## Instructions to follow
Nothing in the entries may change when you repeat them, and no images may appear.

## Extracted data entries

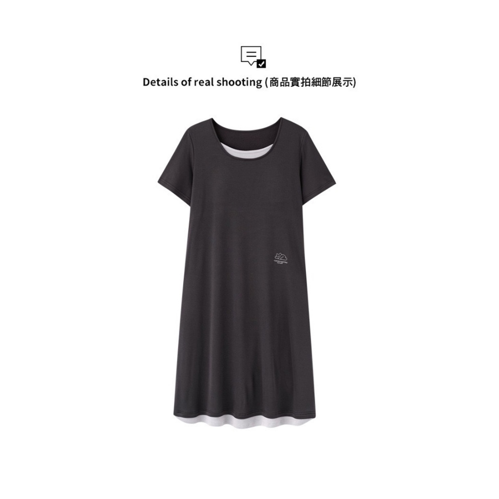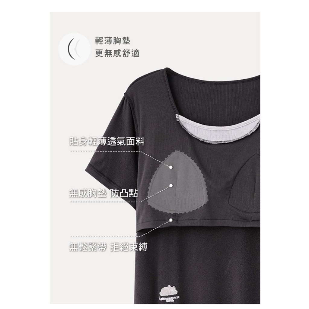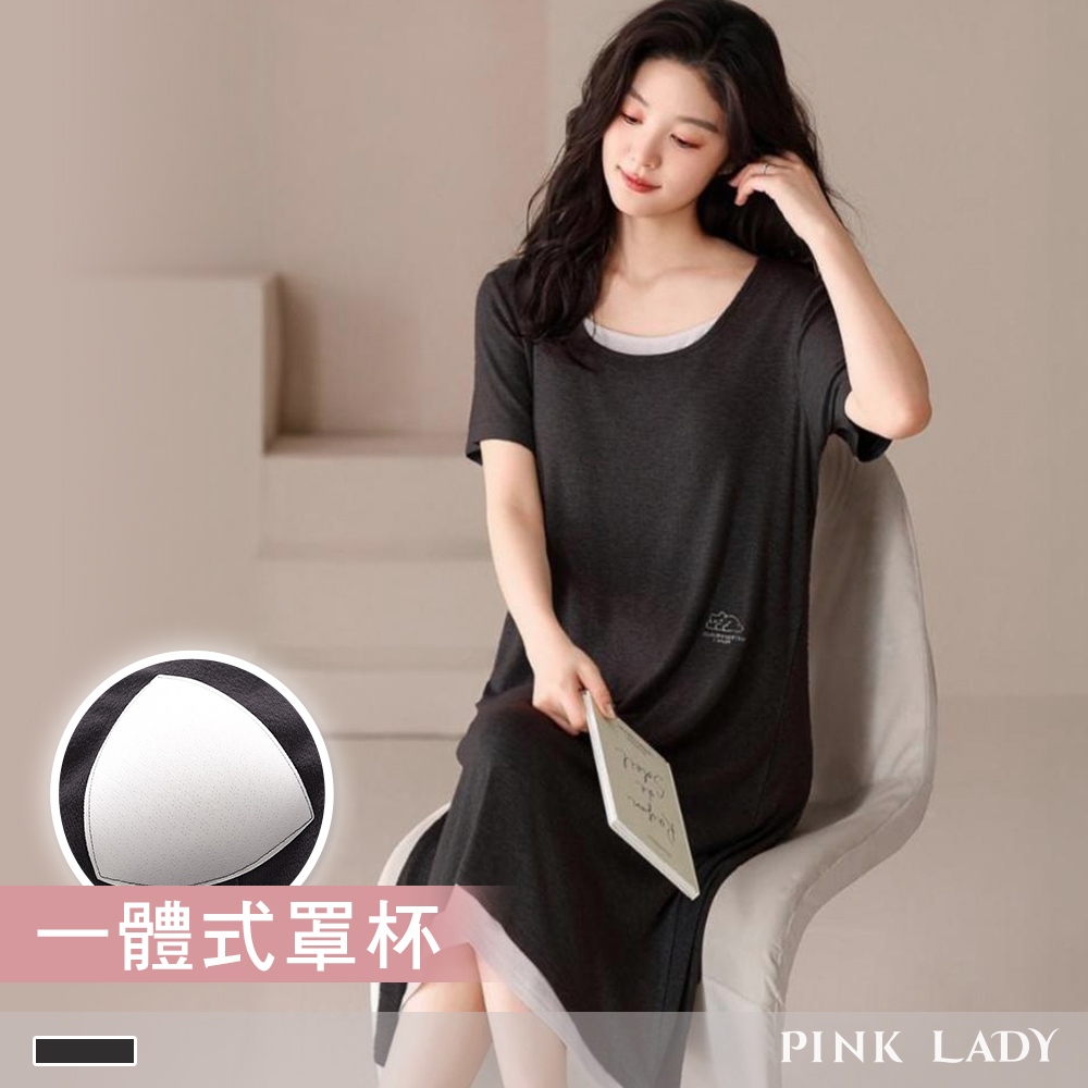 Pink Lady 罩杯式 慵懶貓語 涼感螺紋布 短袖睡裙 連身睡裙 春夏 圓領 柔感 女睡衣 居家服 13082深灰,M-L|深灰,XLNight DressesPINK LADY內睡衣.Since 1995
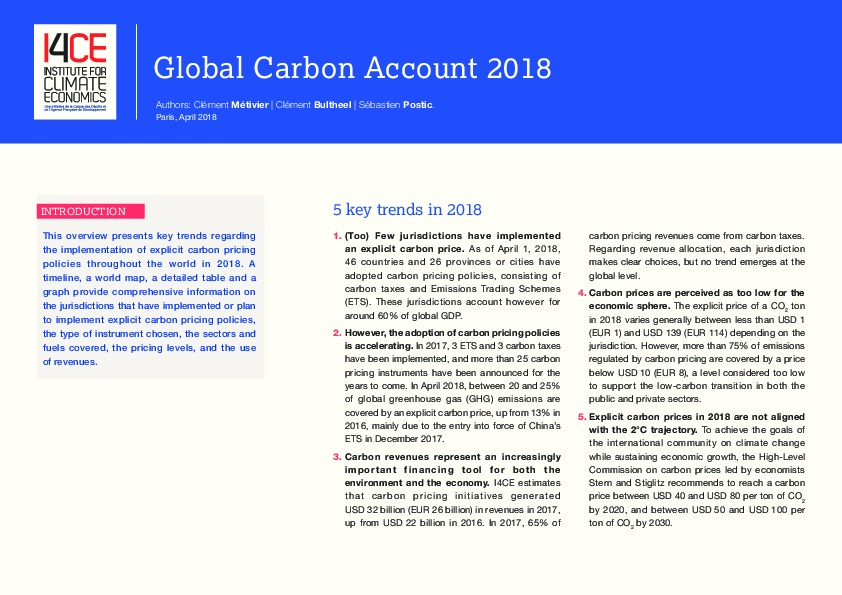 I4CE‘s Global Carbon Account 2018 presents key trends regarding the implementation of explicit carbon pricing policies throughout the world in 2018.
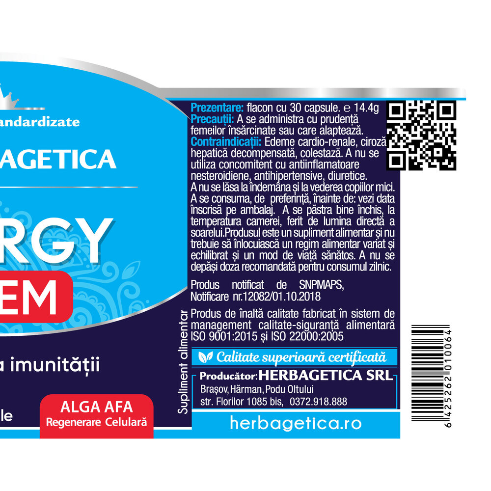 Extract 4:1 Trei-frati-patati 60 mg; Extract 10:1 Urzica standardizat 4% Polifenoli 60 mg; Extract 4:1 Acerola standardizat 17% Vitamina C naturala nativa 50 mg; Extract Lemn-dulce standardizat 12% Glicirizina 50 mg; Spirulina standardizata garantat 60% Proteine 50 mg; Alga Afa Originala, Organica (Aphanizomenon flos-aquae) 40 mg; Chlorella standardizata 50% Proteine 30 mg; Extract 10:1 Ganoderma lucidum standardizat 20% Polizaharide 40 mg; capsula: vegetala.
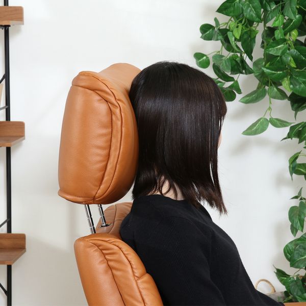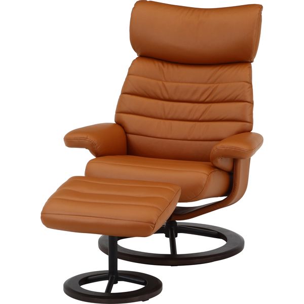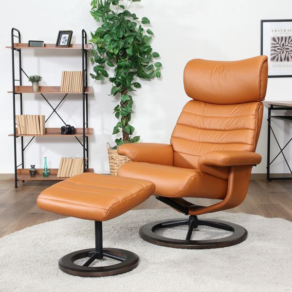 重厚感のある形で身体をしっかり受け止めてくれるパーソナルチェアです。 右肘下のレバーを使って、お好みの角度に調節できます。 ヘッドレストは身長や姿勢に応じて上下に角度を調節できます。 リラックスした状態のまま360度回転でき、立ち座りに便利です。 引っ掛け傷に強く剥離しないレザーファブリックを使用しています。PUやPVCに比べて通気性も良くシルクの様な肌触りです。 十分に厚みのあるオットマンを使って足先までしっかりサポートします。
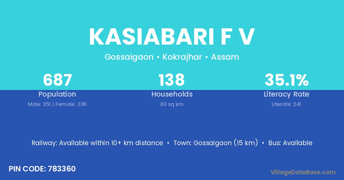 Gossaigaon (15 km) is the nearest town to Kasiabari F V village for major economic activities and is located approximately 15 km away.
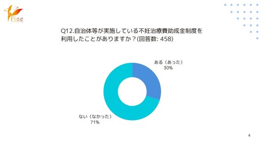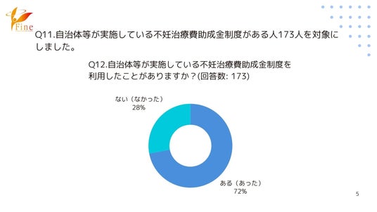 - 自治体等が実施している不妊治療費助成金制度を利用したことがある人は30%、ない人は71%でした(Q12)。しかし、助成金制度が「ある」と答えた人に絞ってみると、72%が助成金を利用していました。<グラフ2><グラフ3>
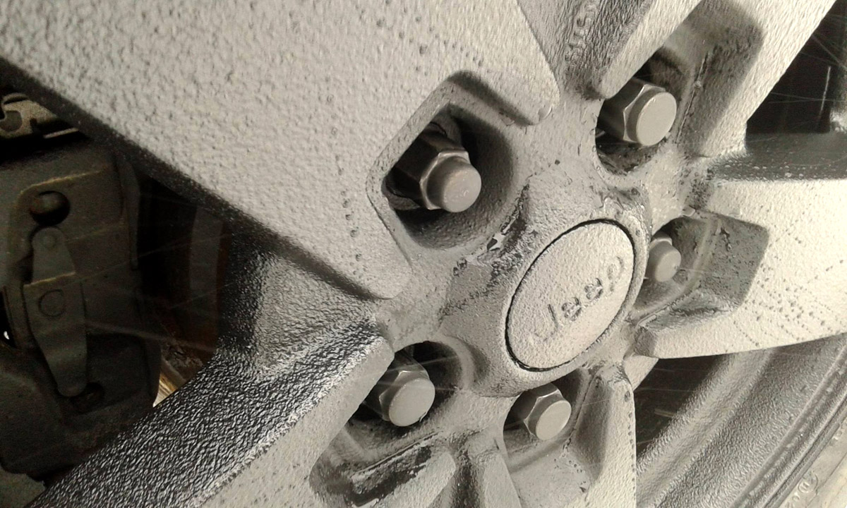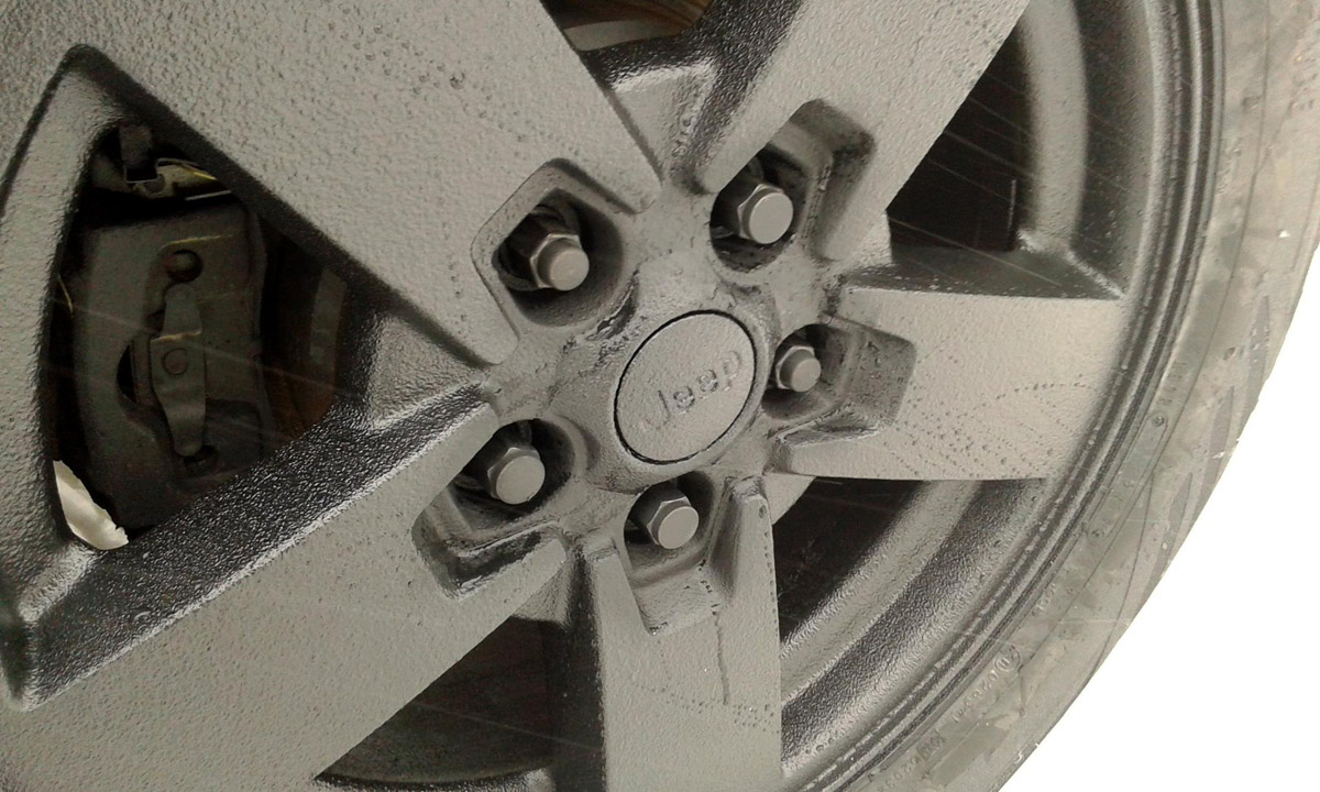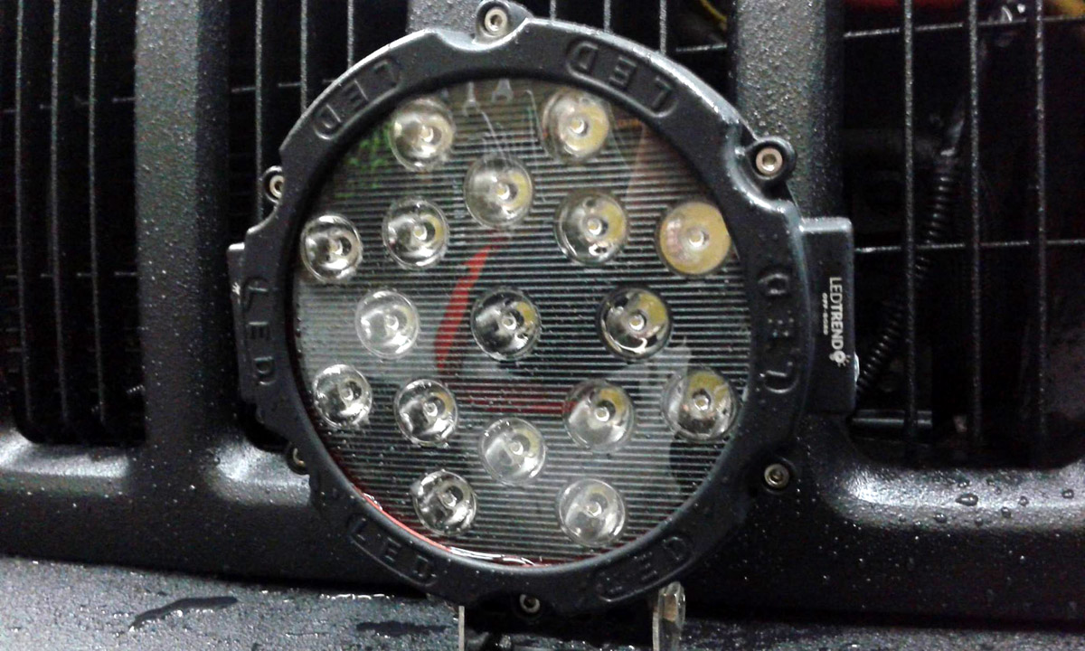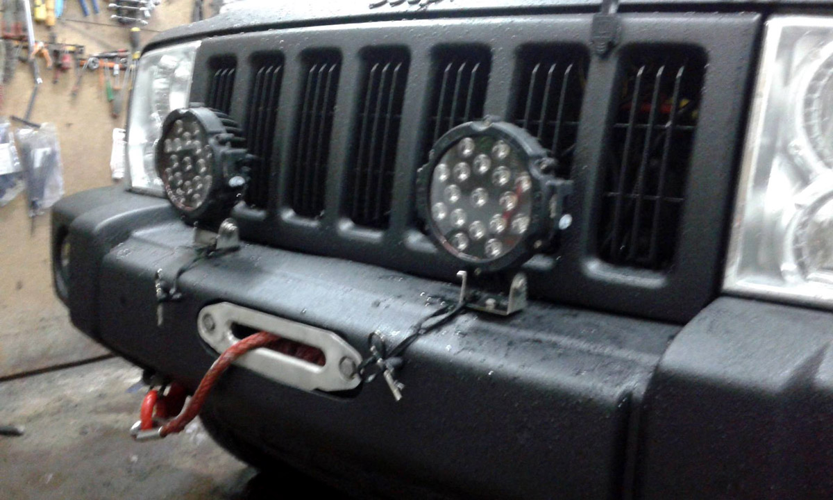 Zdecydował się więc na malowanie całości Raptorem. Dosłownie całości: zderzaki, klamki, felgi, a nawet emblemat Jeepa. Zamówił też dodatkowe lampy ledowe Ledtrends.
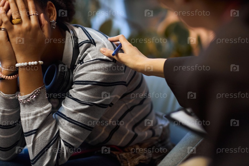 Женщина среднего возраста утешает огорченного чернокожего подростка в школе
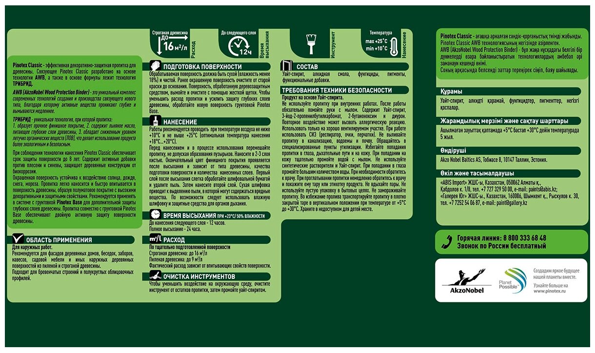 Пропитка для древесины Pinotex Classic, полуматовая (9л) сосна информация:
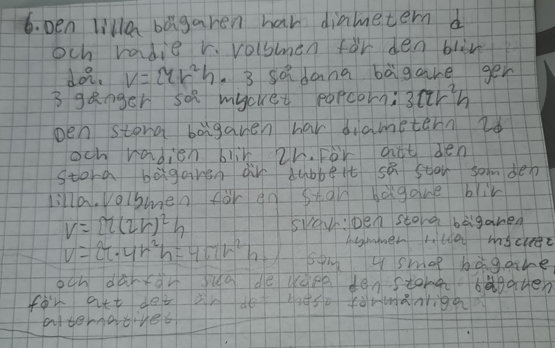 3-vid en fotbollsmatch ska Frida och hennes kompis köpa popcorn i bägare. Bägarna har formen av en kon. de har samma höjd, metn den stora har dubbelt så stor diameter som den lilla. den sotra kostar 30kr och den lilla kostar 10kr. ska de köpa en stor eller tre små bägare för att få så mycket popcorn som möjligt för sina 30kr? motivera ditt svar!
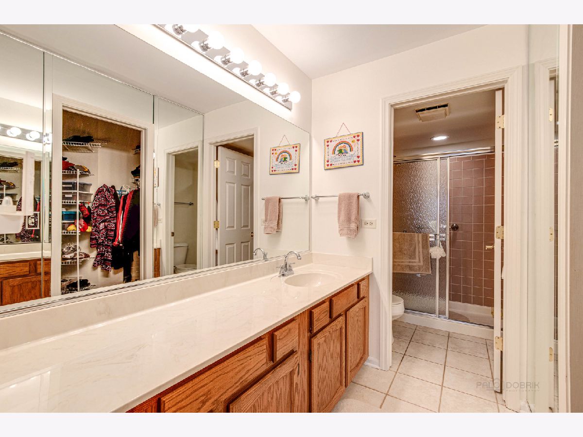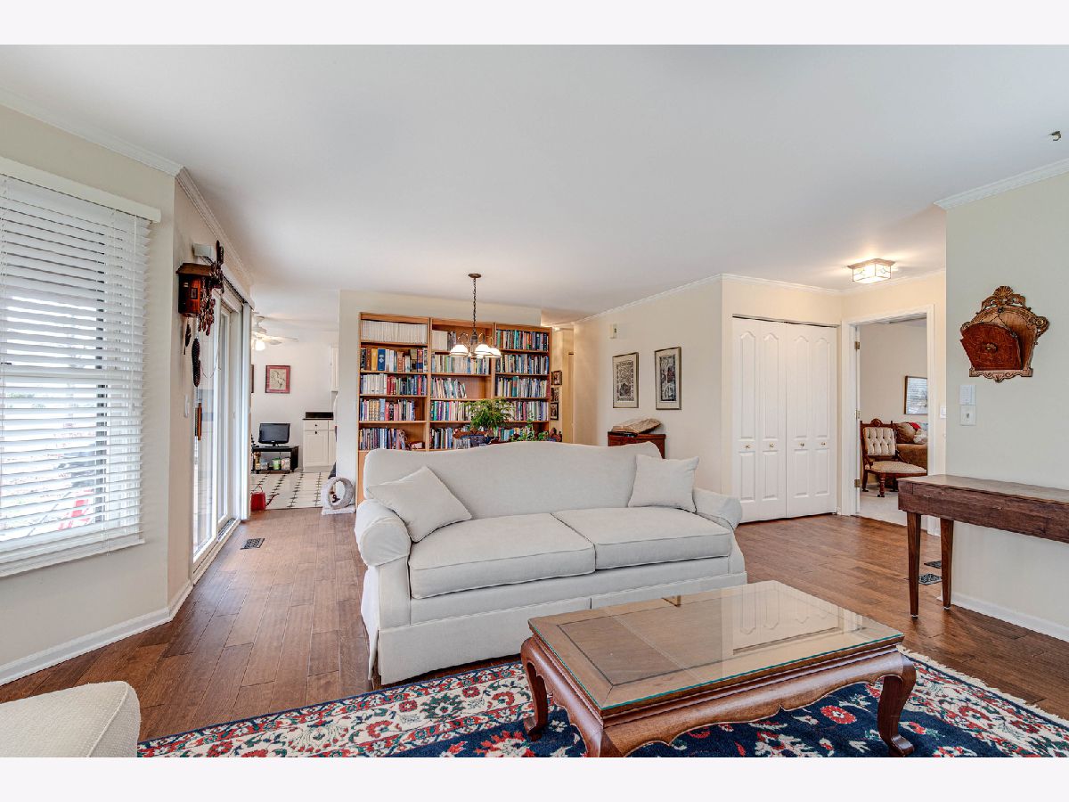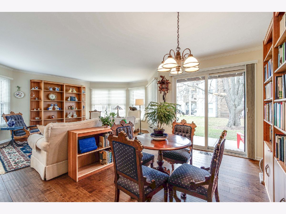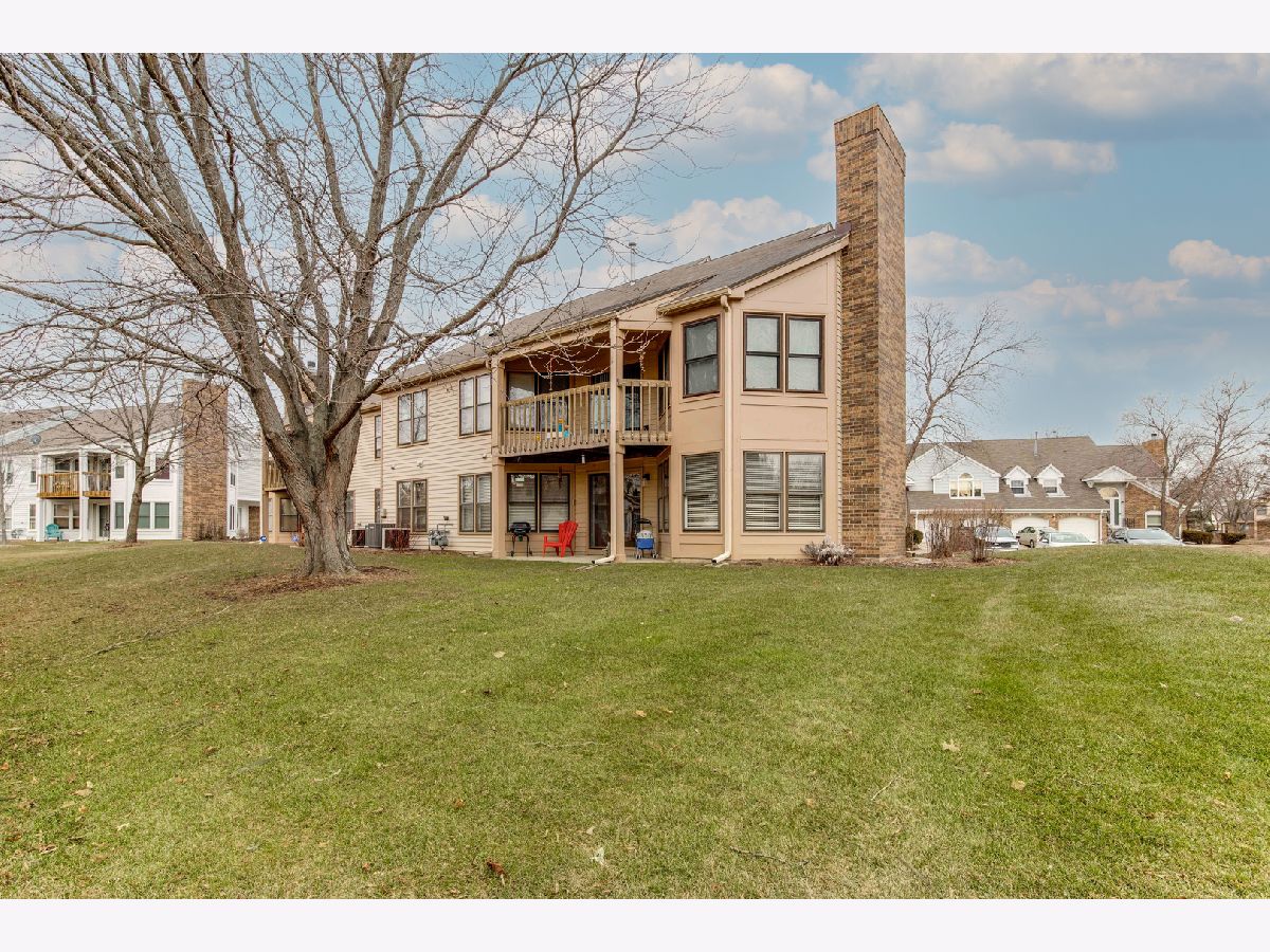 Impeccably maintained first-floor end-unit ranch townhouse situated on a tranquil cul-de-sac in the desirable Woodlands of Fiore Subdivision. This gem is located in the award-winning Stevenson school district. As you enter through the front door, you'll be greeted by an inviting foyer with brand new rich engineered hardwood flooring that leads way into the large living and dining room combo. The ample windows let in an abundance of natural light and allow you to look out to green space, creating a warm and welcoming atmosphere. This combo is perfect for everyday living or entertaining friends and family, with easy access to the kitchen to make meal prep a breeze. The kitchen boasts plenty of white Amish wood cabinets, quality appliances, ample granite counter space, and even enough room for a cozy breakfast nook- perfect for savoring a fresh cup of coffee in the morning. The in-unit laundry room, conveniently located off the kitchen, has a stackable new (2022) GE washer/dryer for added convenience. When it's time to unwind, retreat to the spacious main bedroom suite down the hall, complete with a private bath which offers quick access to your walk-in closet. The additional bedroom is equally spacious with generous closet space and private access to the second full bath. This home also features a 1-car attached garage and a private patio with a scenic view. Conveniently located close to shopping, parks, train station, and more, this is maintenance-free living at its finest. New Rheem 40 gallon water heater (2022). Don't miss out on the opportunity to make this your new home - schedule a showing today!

## Answer to the exercise
 Pink Lady 罩杯式 慵懶貓語 涼感螺紋布 短袖睡裙 連身睡裙 春夏 圓領 柔感 女睡衣 居家服 13082深灰,M-L|深灰,XLNight DressesPINK LADY內睡衣.Since 1995
 I4CE‘s Global Carbon Account 2018 presents key trends regarding the implementation of explicit carbon pricing policies throughout the world in 2018.
 Extract 4:1 Trei-frati-patati 60 mg; Extract 10:1 Urzica standardizat 4% Polifenoli 60 mg; Extract 4:1 Acerola standardizat 17% Vitamina C naturala nativa 50 mg; Extract Lemn-dulce standardizat 12% Glicirizina 50 mg; Spirulina standardizata garantat 60% Proteine 50 mg; Alga Afa Originala, Organica (Aphanizomenon flos-aquae) 40 mg; Chlorella standardizata 50% Proteine 30 mg; Extract 10:1 Ganoderma lucidum standardizat 20% Polizaharide 40 mg; capsula: vegetala.
 重厚感のある形で身体をしっかり受け止めてくれるパーソナルチェアです。 右肘下のレバーを使って、お好みの角度に調節できます。 ヘッドレストは身長や姿勢に応じて上下に角度を調節できます。 リラックスした状態のまま360度回転でき、立ち座りに便利です。 引っ掛け傷に強く剥離しないレザーファブリックを使用しています。PUやPVCに比べて通気性も良くシルクの様な肌触りです。 十分に厚みのあるオットマンを使って足先までしっかりサポートします。
 Gossaigaon (15 km) is the nearest town to Kasiabari F V village for major economic activities and is located approximately 15 km away.
 - 自治体等が実施している不妊治療費助成金制度を利用したことがある人は30%、ない人は71%でした(Q12)。しかし、助成金制度が「ある」と答えた人に絞ってみると、72%が助成金を利用していました。<グラフ2><グラフ3>
 Zdecydował się więc na malowanie całości Raptorem. Dosłownie całości: zderzaki, klamki, felgi, a nawet emblemat Jeepa. Zamówił też dodatkowe lampy ledowe Ledtrends.
 Женщина среднего возраста утешает огорченного чернокожего подростка в школе
 Пропитка для древесины Pinotex Classic, полуматовая (9л) сосна информация:
 3-vid en fotbollsmatch ska Frida och hennes kompis köpa popcorn i bägare. Bägarna har formen av en kon. de har samma höjd, metn den stora har dubbelt så stor diameter som den lilla. den sotra kostar 30kr och den lilla kostar 10kr. ska de köpa en stor eller tre små bägare för att få så mycket popcorn som möjligt för sina 30kr? motivera ditt svar!
 Impeccably maintained first-floor end-unit ranch townhouse situated on a tranquil cul-de-sac in the desirable Woodlands of Fiore Subdivision. This gem is located in the award-winning Stevenson school district. As you enter through the front door, you'll be greeted by an inviting foyer with brand new rich engineered hardwood flooring that leads way into the large living and dining room combo. The ample windows let in an abundance of natural light and allow you to look out to green space, creating a warm and welcoming atmosphere. This combo is perfect for everyday living or entertaining friends and family, with easy access to the kitchen to make meal prep a breeze. The kitchen boasts plenty of white Amish wood cabinets, quality appliances, ample granite counter space, and even enough room for a cozy breakfast nook- perfect for savoring a fresh cup of coffee in the morning. The in-unit laundry room, conveniently located off the kitchen, has a stackable new (2022) GE washer/dryer for added convenience. When it's time to unwind, retreat to the spacious main bedroom suite down the hall, complete with a private bath which offers quick access to your walk-in closet. The additional bedroom is equally spacious with generous closet space and private access to the second full bath. This home also features a 1-car attached garage and a private patio with a scenic view. Conveniently located close to shopping, parks, train station, and more, this is maintenance-free living at its finest. New Rheem 40 gallon water heater (2022). Don't miss out on the opportunity to make this your new home - schedule a showing today!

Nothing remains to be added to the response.